## EXERCISE DESCRIPTION
Your answer must be an exact copy of the records below, with every picture left out.
Start of Block
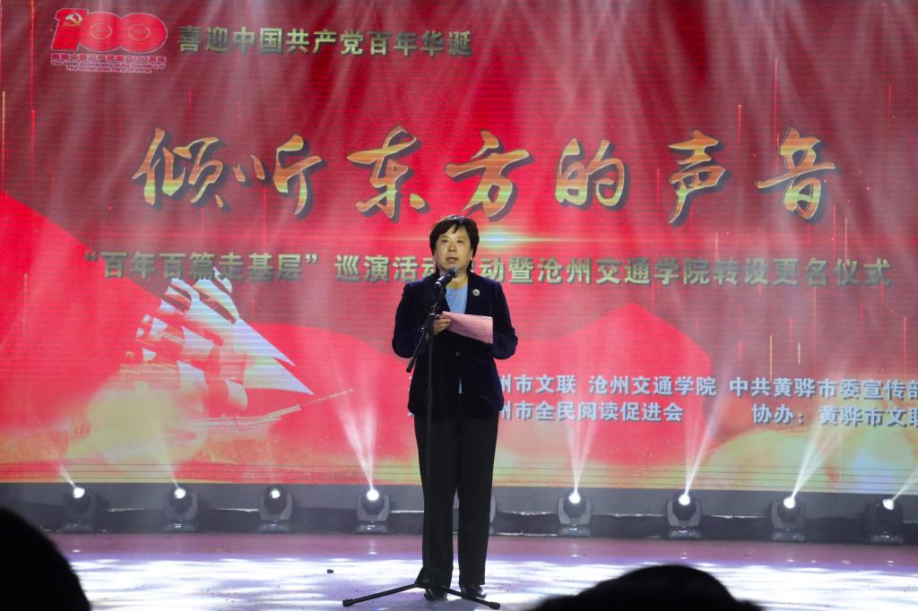 沧州市人民政府副市长梁英华出席活动并致辞。梁英华副市长表示,今天启动的“百年百篇走基层”巡演活动,是全市迎接中国共产党百年华诞的重要活动之一,也是将“学党史、悟思想、办实事、开新局”党史学习教育融入文艺精品创作的重要载体。沧州历来重视文化和高等教育的发展,73882必赢网页版作为沧州高等教育的重要组成部分,为地方经济社会发展培养了一大批有理想、有本领的应用型人才。
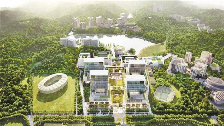 项目位于龙岗区国际大学园内,总用地面积约23.5万平方米,建筑面积55万平方米,包括教学大楼、实验教学楼、科研大楼、图书馆、行政楼以及教师公寓、学生书院、室内体育馆等16栋新建建筑。
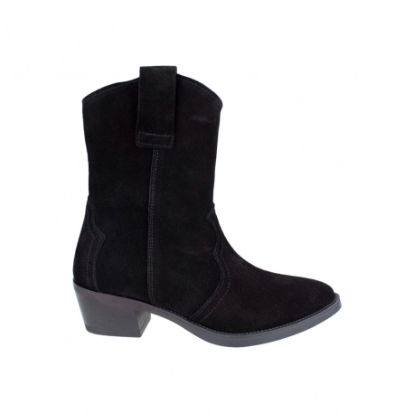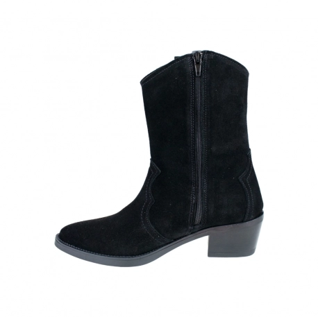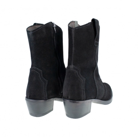 Botines Camperos Mujer en negro fabricado en serraje (piel) de primera calidad y hechura artesanal. Cierre de cremallera interior. Forro interior textil y plantilla muy cómoda. Suela de goma con tacón cuadrado clásico de 5 centímetros. Punta afilada, horma normal.
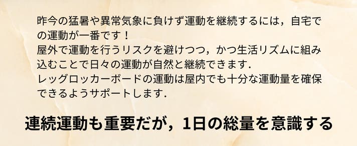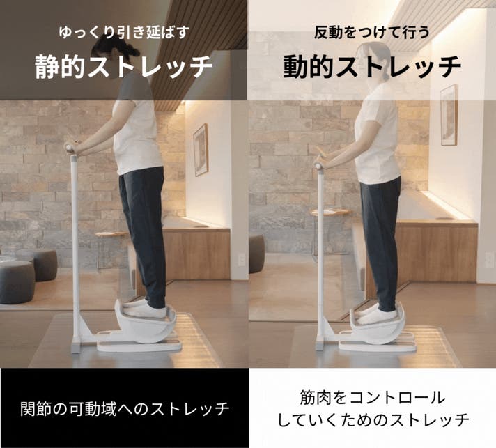 - ストレッチと運動を同時に行うことができ、筋トレとストレッチの両面からアプローチ!
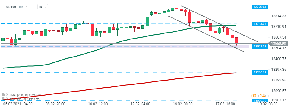 US100 is testing major support at 13.522 pts which is additionally strengthened by lower limit of the descending channel. In case a break below occurs, the downward move may accelerate towards 13,270 pts which coincides with 200 SMA (red line). On the other hand , if buyers will manage to regain control, then another upward impulse towards resistance at 13,742 pts could be launched. Source: xStation5
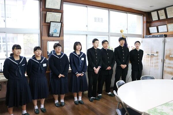 生徒会長を中心に役員のメンバーが質問に答えていました。地域版に出ると思いますが、どんな風に掲載されるか楽しみです。
End of Block
## OUTPUT FOR THIS TASK
 沧州市人民政府副市长梁英华出席活动并致辞。梁英华副市长表示,今天启动的“百年百篇走基层”巡演活动,是全市迎接中国共产党百年华诞的重要活动之一,也是将“学党史、悟思想、办实事、开新局”党史学习教育融入文艺精品创作的重要载体。沧州历来重视文化和高等教育的发展,73882必赢网页版作为沧州高等教育的重要组成部分,为地方经济社会发展培养了一大批有理想、有本领的应用型人才。
 项目位于龙岗区国际大学园内,总用地面积约23.5万平方米,建筑面积55万平方米,包括教学大楼、实验教学楼、科研大楼、图书馆、行政楼以及教师公寓、学生书院、室内体育馆等16栋新建建筑。
 Botines Camperos Mujer en negro fabricado en serraje (piel) de primera calidad y hechura artesanal. Cierre de cremallera interior. Forro interior textil y plantilla muy cómoda. Suela de goma con tacón cuadrado clásico de 5 centímetros. Punta afilada, horma normal.
 - ストレッチと運動を同時に行うことができ、筋トレとストレッチの両面からアプローチ!
 US100 is testing major support at 13.522 pts which is additionally strengthened by lower limit of the descending channel. In case a break below occurs, the downward move may accelerate towards 13,270 pts which coincides with 200 SMA (red line). On the other hand , if buyers will manage to regain control, then another upward impulse towards resistance at 13,742 pts could be launched. Source: xStation5
 生徒会長を中心に役員のメンバーが質問に答えていました。地域版に出ると思いますが、どんな風に掲載されるか楽しみです。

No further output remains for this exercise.